WORK TASK
Would you repeat the listing exactly, without any of its images?

PROVIDED MATERIAL

┄┄┄┄┄┄┄┄┄┄┄┄┄┄┄┄┄┄┄┄

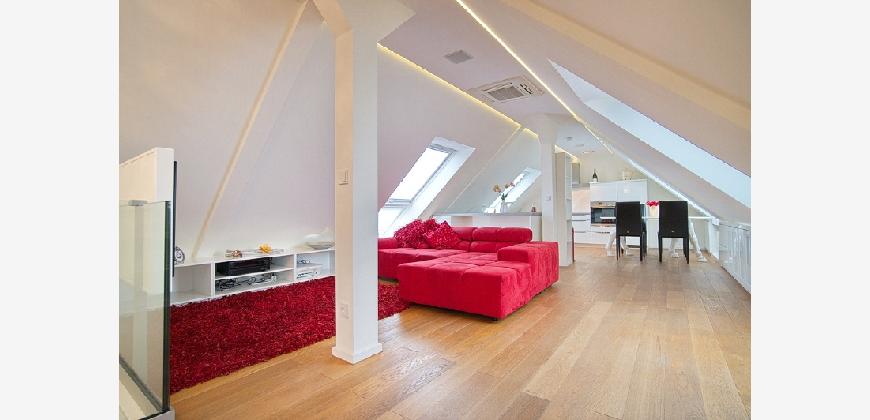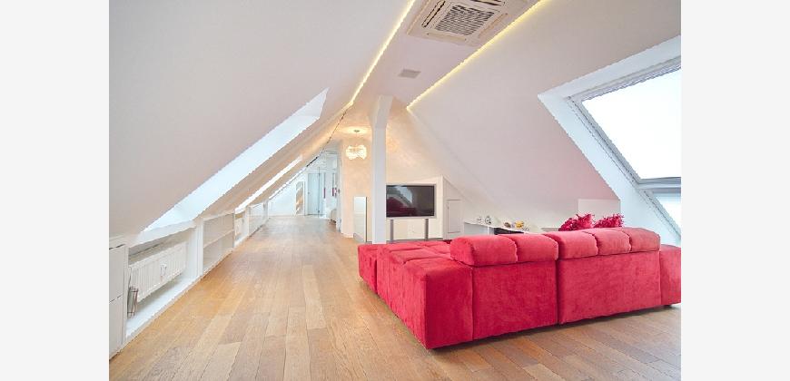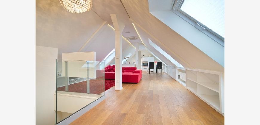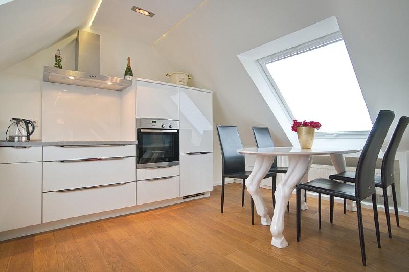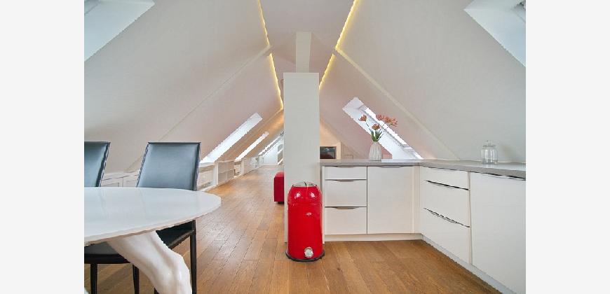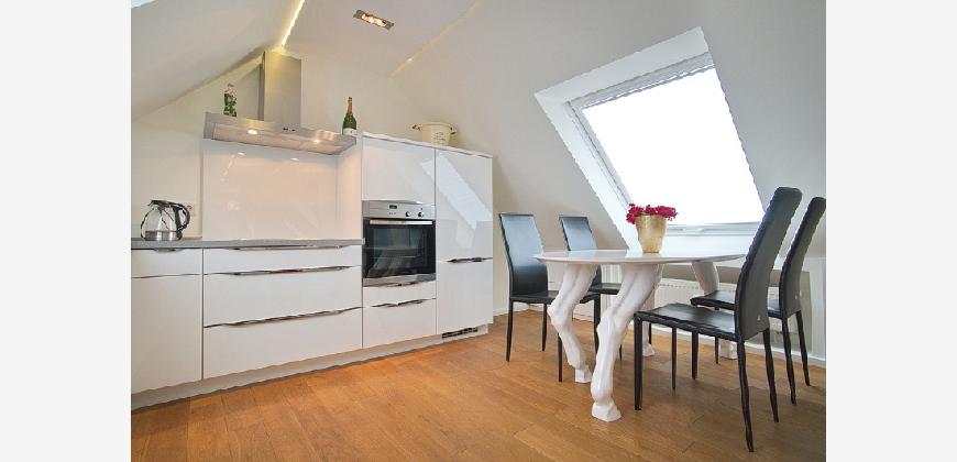 Studio-Etage in attraktiver zentraler Lage von Essen, in Laufnähe zum Isenbergviertel, Rüttenscheid und zum Hauptbahnhof. Die Wohnung liegt im 4. OG eines Mehrfamilienhauses, Nichtraucher-Angebot. Eine Klimaanlage ist vorhanden, das Haus hat eine Gegensprechanlage. Die Miete beinhaltet bereits die Betriebs- und Heizkosten, der Strom ist separat zu zahlen. Internetnutzung über W-LAN ist für € 20 pro Monat möglich. Ein Energieausweis liegt vermieterseits noch nicht vor, ist jedoch angefragt. Ausgefallene und stimmige Gestaltung - ein Unikat. Die Wohnräume erstrecken sich über die gesamte Etage und sind offen gehalten, Bodenbelag: Dielen-Parkett. Wohnbereich mit großer Relax-Sofaecke und Philips-Flatscreen, Essbereich mit Glastisch und vier Stühlen, weiße Einbauküche mit Arbeitsplatte in Beton-Optik. Kombigerät Waschmaschine / Trockner, Spülmaschine, Neff-Kochfeld und ein Backofen in Körperhöhe sowie Kühlschrank und Gefrierschrank stehen zur Verfügung. Der Schlafbereich ist mit einem Doppelbett plus in der Dachschräge eingebautem Bildschirm ausgestattet, die Dusche/Rainshower mit Glastrennwänden integriert. Schönes Design-Waschbecken, die Einbaumöbel daneben bieten viel Stauraum. Separate Toilette mit Waschbecken und Fenster. An den Schlafbereich schließt sich eine gut ausgestattete, begehbare Ankleide mit Milchglas-Schiebetüre an. Die Fenster sind mit Velux-Rolläden und Plissées versehen.
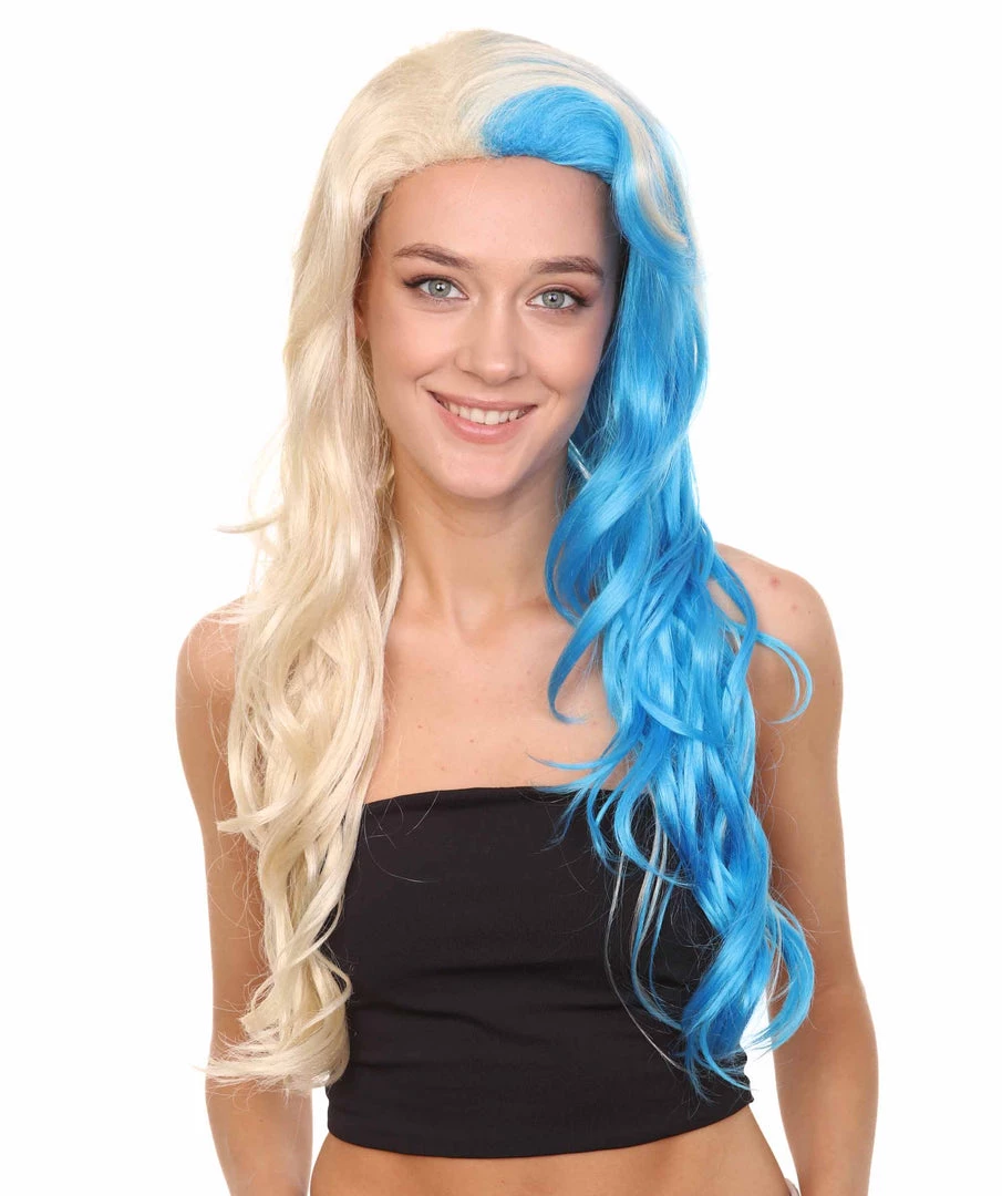 HPO Half Blonde And Half Blue Wig | Fancy Party Event Ready Halloween Wig | Premium Breathable Capless Cap
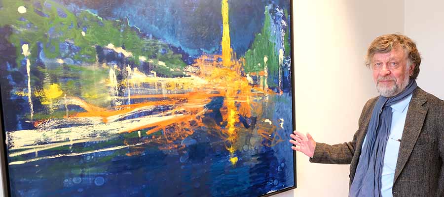 Haas stellte einige der präsentierten Künstler aus der Sammlung Haas van Gemmern vor. Einer der ersten Künstler, mit dem 2003 die Sammlung Haas van Gemmern begann, war Reinhard Stangl, der hier mit dem Werk „Der große Stern“ (2010) vertreten ist. Die Werke des Berliner Künstlers, so Haas, verbänden Figuration und Abstraktion und zeichneten sich durch farbreiche, vielschichtige Kompositionen aus. Er fühle sich der Tradition verpflichtet und habe zugleich eine eigenständige zeitgenössische Bildsprache entwickelt. Thematisch setze er sich mit Menschen, Alltagssituationen sowie Stadt- und Landschaftsbildern auseinander und zeige dabei ein feines Gespür für das Komische wie auch für das Tragische im Menschlichen.
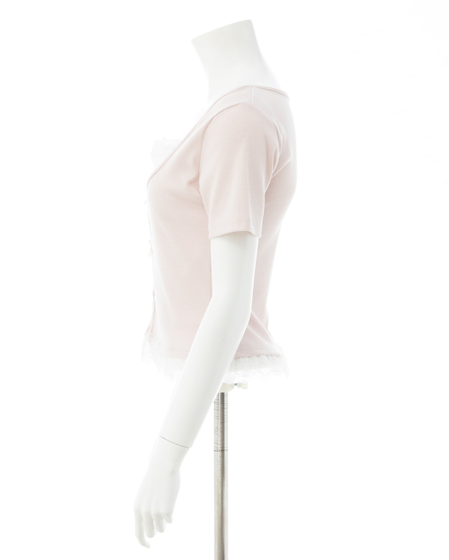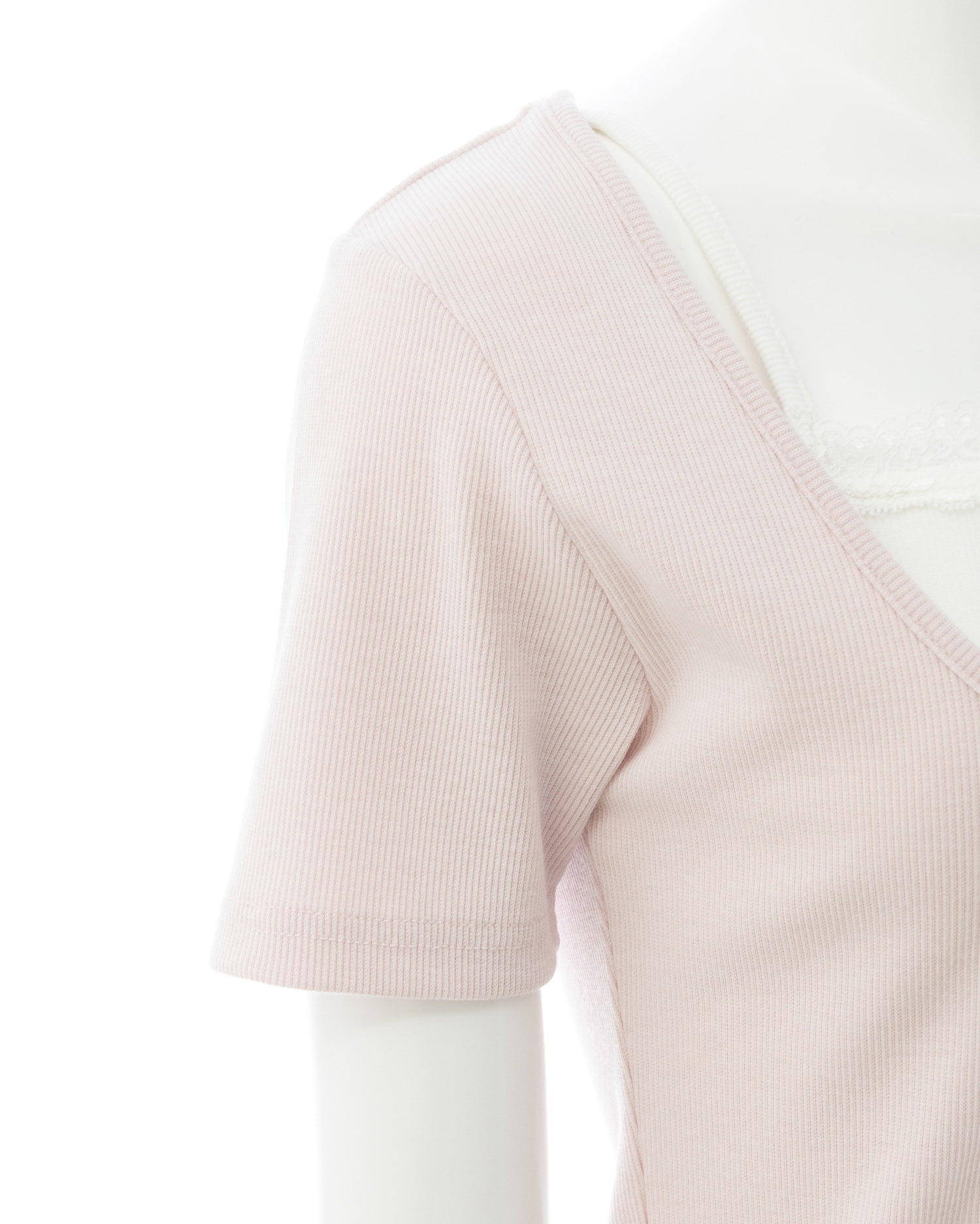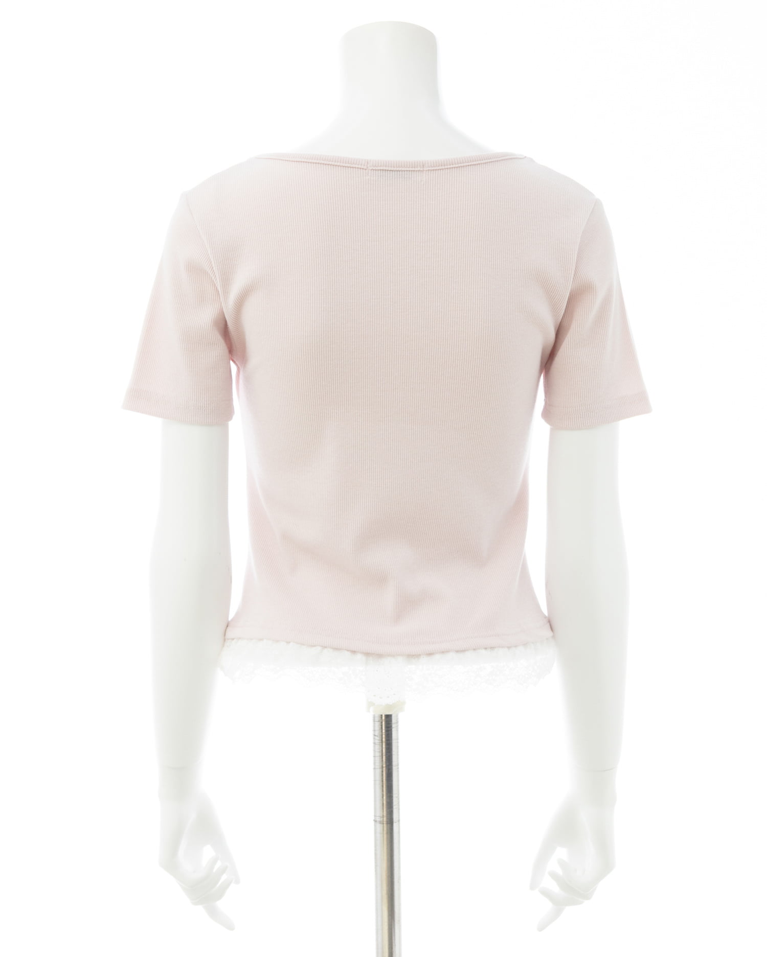 • INGNI(イング) レイヤード前リボンリブトップス ピンク

┄┄┄┄┄┄┄┄┄┄┄┄┄┄┄┄┄┄┄┄

ANSWER BOX
 Studio-Etage in attraktiver zentraler Lage von Essen, in Laufnähe zum Isenbergviertel, Rüttenscheid und zum Hauptbahnhof. Die Wohnung liegt im 4. OG eines Mehrfamilienhauses, Nichtraucher-Angebot. Eine Klimaanlage ist vorhanden, das Haus hat eine Gegensprechanlage. Die Miete beinhaltet bereits die Betriebs- und Heizkosten, der Strom ist separat zu zahlen. Internetnutzung über W-LAN ist für € 20 pro Monat möglich. Ein Energieausweis liegt vermieterseits noch nicht vor, ist jedoch angefragt. Ausgefallene und stimmige Gestaltung - ein Unikat. Die Wohnräume erstrecken sich über die gesamte Etage und sind offen gehalten, Bodenbelag: Dielen-Parkett. Wohnbereich mit großer Relax-Sofaecke und Philips-Flatscreen, Essbereich mit Glastisch und vier Stühlen, weiße Einbauküche mit Arbeitsplatte in Beton-Optik. Kombigerät Waschmaschine / Trockner, Spülmaschine, Neff-Kochfeld und ein Backofen in Körperhöhe sowie Kühlschrank und Gefrierschrank stehen zur Verfügung. Der Schlafbereich ist mit einem Doppelbett plus in der Dachschräge eingebautem Bildschirm ausgestattet, die Dusche/Rainshower mit Glastrennwänden integriert. Schönes Design-Waschbecken, die Einbaumöbel daneben bieten viel Stauraum. Separate Toilette mit Waschbecken und Fenster. An den Schlafbereich schließt sich eine gut ausgestattete, begehbare Ankleide mit Milchglas-Schiebetüre an. Die Fenster sind mit Velux-Rolläden und Plissées versehen.
 HPO Half Blonde And Half Blue Wig | Fancy Party Event Ready Halloween Wig | Premium Breathable Capless Cap
 Haas stellte einige der präsentierten Künstler aus der Sammlung Haas van Gemmern vor. Einer der ersten Künstler, mit dem 2003 die Sammlung Haas van Gemmern begann, war Reinhard Stangl, der hier mit dem Werk „Der große Stern“ (2010) vertreten ist. Die Werke des Berliner Künstlers, so Haas, verbänden Figuration und Abstraktion und zeichneten sich durch farbreiche, vielschichtige Kompositionen aus. Er fühle sich der Tradition verpflichtet und habe zugleich eine eigenständige zeitgenössische Bildsprache entwickelt. Thematisch setze er sich mit Menschen, Alltagssituationen sowie Stadt- und Landschaftsbildern auseinander und zeige dabei ein feines Gespür für das Komische wie auch für das Tragische im Menschlichen.
 • INGNI(イング) レイヤード前リボンリブトップス ピンク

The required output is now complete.